Солнце прощупывало крепкие суставы веток.
И так плясали, так счастливо бились-плескались под серыми гроздьями девичьи косынки, что никогда уже отец не смог об этом написать.
Зимним вечером
Отношения с жизнью обострились, как нос у покойного.
Вчера пришел мастер и снял унитаз с насиженного места.
Или муж целится в меня указательным пальцем. Большим пальцем взводит курок, как в театре теней, рука становится волчьей пастью на стене, пальцы поджимаются, как ноги, когда под ними должны помыть пол, потом выбирают револьвер, и раздается выстрел.
– Ты на это не смотри, – говорит мне моя подруга, ты смотри на то, что он тебя все-таки любит.
Скоро буду смотреть на его любовь одним глазом.
Моя бабка была глухонемая и ходила сгорбившись. Шел солдат лесом, встретил старую ведьму, она сделала его богатым, а он взял да и ударил ее топором и зашагал дальше. С тех пор она и ходила с топором в горбу. Шла-шла от «Огнива» до «Преступления и наказания», до Алены Ивановны, моя бабка. Я, например, вышла из топора, как суп.
Если где-нибудь начинается война, я сразу туда еду. Перестрелка – все-таки диалог, это вопрос-ответ, это люди все ж таки слышат друг друга!
Мои родители очень боялись, что я вырасту эгоисткой. И ради меня усыновили еще пятерых детей. И эти пятеро, в конце концов, заставили меня проглотить осколки бутылки из-под подсолнечного масла, и осколки, когда я глотала, пахли жирной подсолнечной взвесью с водой. Мои братья и сестры толпились у крана, брызгались, и жирные капли облепляли стены, и они вымыли бутылку кое-как, для будущего следствия, во время которого они могли бы сказать:
– А мы бутылку вымыли!
Когда моя бабка умирала, то страшно кричала. Немые кричат еще громче, чем живые. И топор торчал у нее из спины. И тогда моя старшая сестра, врач, пожалела ее и заткнула ей рот кляпом из стерильной белоснежной марли, слепящей глаза. И мы все радовались, что бабушка умирала тихо и спокойно, просто угасала.
Мои родители слишком поздно поняли, что если человеку суждено вырасти эгоистом, то никакие братья и сестры ему не помогут.

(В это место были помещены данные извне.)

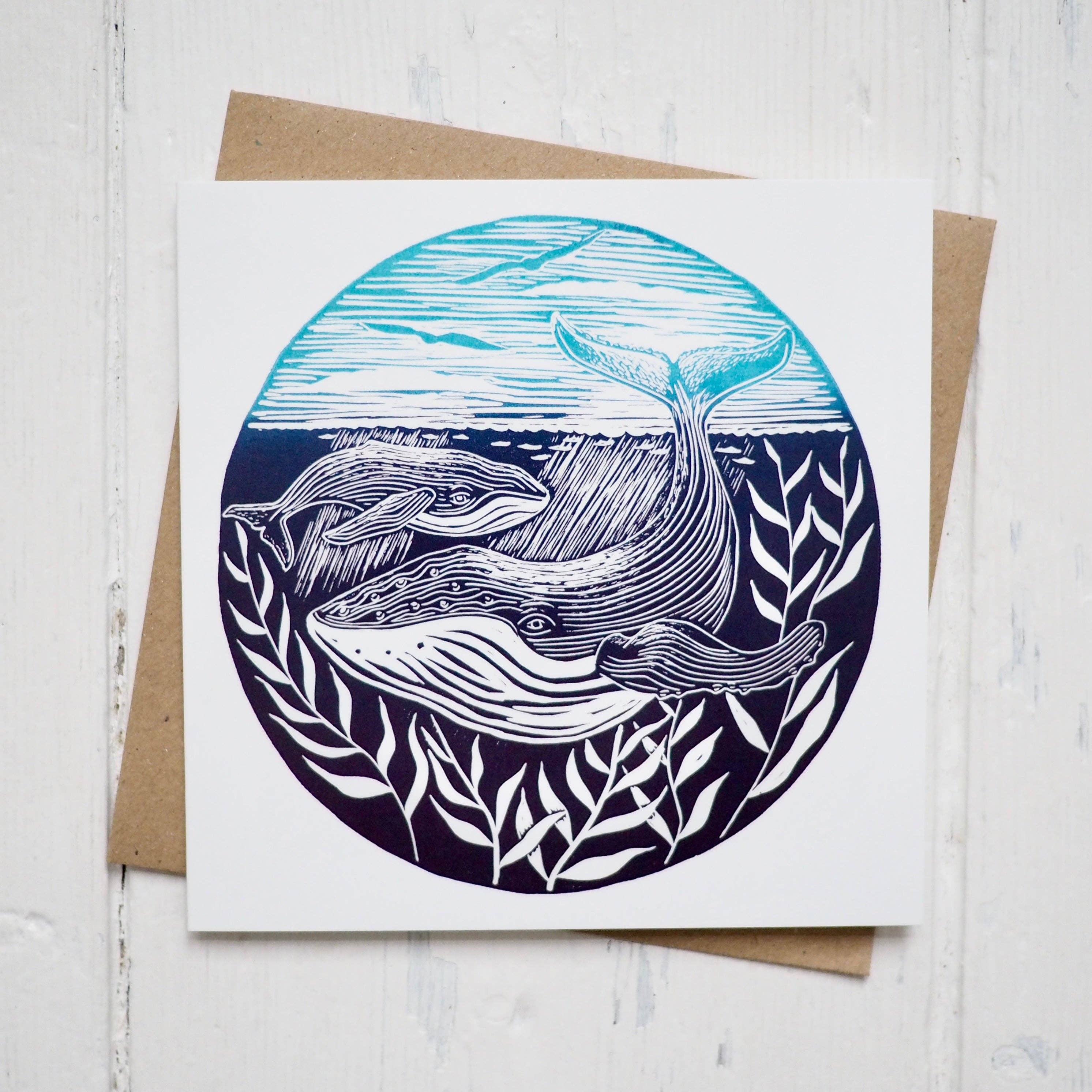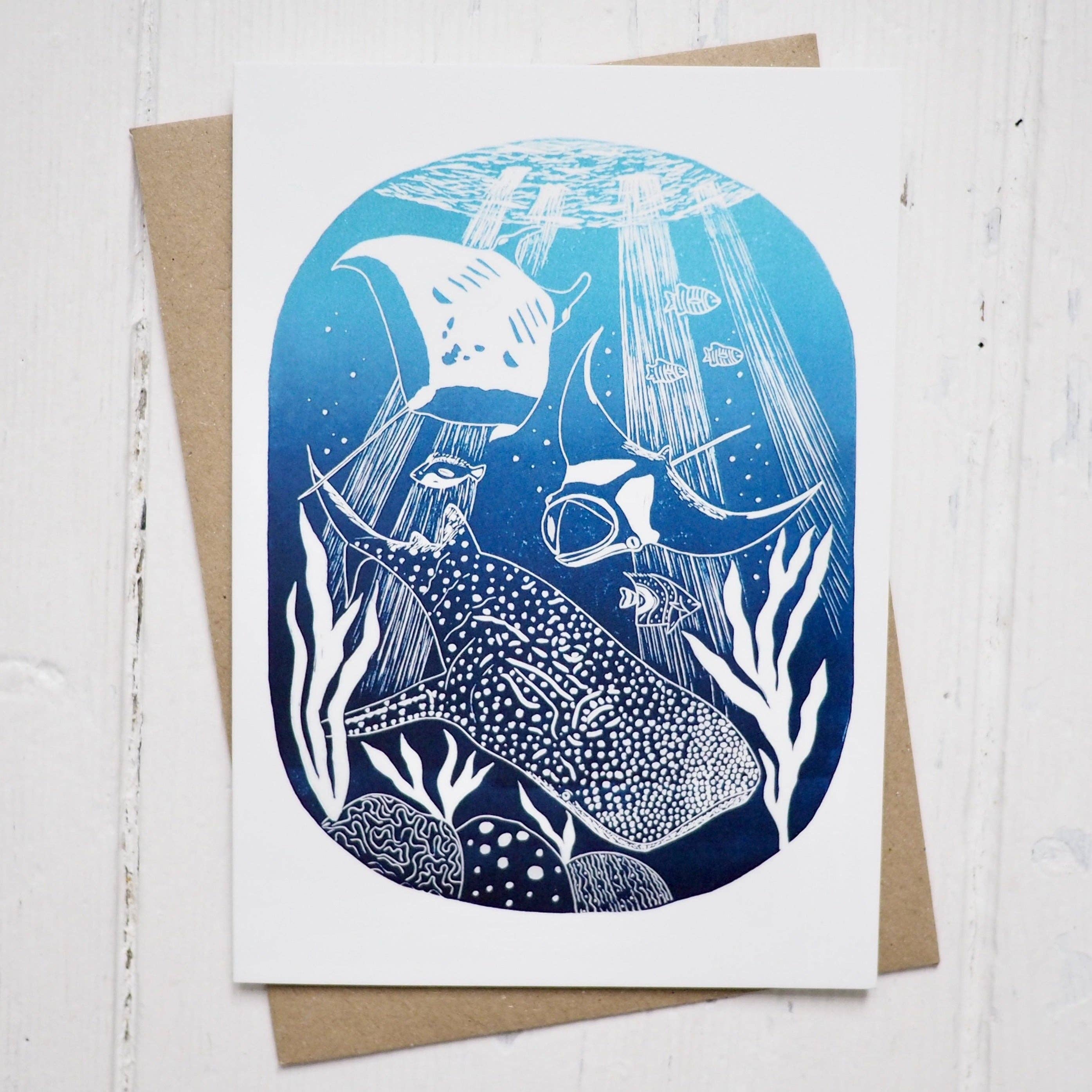 Jellyfish Lino Print Greetings Card A beautiful greetings card perfect for any occasion. This is a digital reproduction of my lino print featuring a whole bloom (or smack, apparently!) of beautiful jellyfish. Inspired by the huge barrel jellyfish spotted off the Devon and Cornwall coast this summer. The cards are blank so that you can add your own message. Printed onto quality white 300gsm card stock. Cards come with a kraft envelope. Card size: 5 x 7" If you love this design, check out the original artwork here

– Кому суждено быть повешенным, тот не утонет, – сказал мне папа, – ты можешь сама выбрать: повесить тебя или закопать во дворе!
Мама заплакала:
– Нельзя так баловать детей! У ребенка не должно быть выбора, тогда он вырастает настоящим человеком!
Но я была у папы любимицей, и потому меня все-таки засыпали землей, и я лежала там тихо-тихо, пока не пришли гости. Тогда меня позвали в дом и накормили, и все радовались нашей счастливой семье. А я боялась только одного: что через меня пустит корни яблонька, и я не сумею их перерезать, не смогу оборвать ее жизнь.
Яблонька! Ты пустила свои корни через меня! Ты выросла, но яблоки твои червивились, как червивилась я. Каждое яблоко становилось лицом, в котором был виден ущерб рта. Лицо падало на землю, зачерпывая крик. Брюхатый холм разрешался мертвым камнем, в котором кручинилась завязь. Бельевые веревки перерезали деревьям горло, и деревья отхаркивали кроны, как кровь. Сад прорастал жестью и толью и ветшал на глазах, зарываясь в сугробы. Весной огрызки воды срисует прохлада.
– Яблонька, не плачь! Я нарву тебе яблок на память в раю!
Шуба
Вчера мою пол в коридоре, подоткнув подол и окуная вспотевшие пряди в ведро с грязной водой.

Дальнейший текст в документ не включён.